Perfilado de expresión génica específico del tipo de celda en el hígado del ratón

Published: September 17, 2019
doi:
10.3791/60242
, ,
1Department of Genetics,University of Pennsylvania, 2Department of Medicine,University of Pennsylvania

Summary

La traducción de la purificación de afinidad ribosoma (TRAP) permite un aislamiento rápido y eficiente del ARNm de traducción específico del tipo de célula. Aquí, demostramos un método que combina la inyección hidrodinámica de cola-vena en un modelo de ratón de repoblación hepática y TRAP para examinar el perfil de expresión de los hepatocitos repoblados.

Abstract

La repoblación hepática después de una lesión es una característica crucial de los mamíferos que evita la falla inmediata de los órganos y la muerte después de la exposición de toxinas ambientales.

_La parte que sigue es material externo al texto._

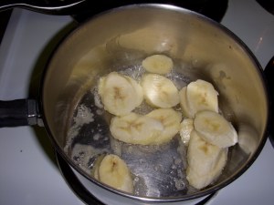 6. Meanwhile, make the caramelized bananas. Peel the bananas and slice diagonally. In a large frying pan, melt the butter over medium-high heat. Add the banana slices and cook, gently turning them occasionally, until they begin to brown, 2-3 minutes.

Una comprensión más profunda de los cambios en la expresión génica que se producen durante la repoblación podría ayudar a identificar dianas terapéuticas para promover la restauración de la función hepática en el entorno de lesiones. Sin embargo, los métodos para aislar específicamente los hepatocitos repobladores se ven inhibidos por la falta de marcadores celulares, números celulares limitados y la fragilidad de estas células. El desarrollo de la tecnología de traducción de la purificación de afinidad ribosoma (TRAP) en conjunto con el modelo de ratón Fah-/- para recapitular la repoblación en el entorno de la lesión hepática permite el perfil de expresión génica de la repoblación Hepatocitos. Con TRAP, el ARNm de traducción específico del tipo de celda se aísla rápida y eficientemente. Desarrollamos un método que utiliza TRAP con aislamiento basado en afinidad de traducir mRNA de hepatocitos que expresan selectivamente la proteína fluorescente verde (GFP) con etiqueta de proteína ribosomal (RP), GFP:RPL10A. TRAP elude el largo período de tiempo requerido para la clasificación celular activada por fluorescencia que podría cambiar el perfil de expresión génica. Además, dado que sólo los hepatocitos repobladores expresan la proteína de fusión GFP:RPL10A, el ARNm aislado está desprovisto de contaminación de los hepatocitos heridos circundantes y otros tipos de células en el hígado. El ARNm purificado por afinidad es de alta calidad y permite el análisis basado en la secuenciación descendente de PCR o de alto rendimiento de la expresión génica.

Introduction

Como el principal órgano metabólico en vertebrados, el hígado es responsable de la homeostasis de glucosa, síntesis de proteínas séricas, secreción de ácido biliar, y metabolismo xenobiótico y desintoxicación. El hígado posee una capacidad extraordinaria para regenerar el parénquima lesionado al exponerse a toxinas para prevenir la insuficiencia hepática inmediata1. Sin embargo, el fracaso de la regeneración puede ocurrir en el entorno de paracetamol o consumo excesivo de alcohol, que puede conducir a insuficiencia hepática aguda2. Además, la lesión hepática crónica causada por la infección por hepatitis viral, la enfermedad del hígado graso y la esteatohepatitis puede causar fibrosis hepática, cirrosis y carcinoma hepatocelular3. El único tratamiento curativo disponible para la enfermedad hepática terminal es el trasplante, pero está limitado por la escasez de órganos, lo que impide un tratamiento eficiente para todos los pacientes4. Por lo tanto, una mejor comprensión del proceso de recuperación después de una lesión hepática tóxica es crucial para el desarrollo de tratamientos para estimular la regeneración suficiente para la función de rescate en el órgano enfermo.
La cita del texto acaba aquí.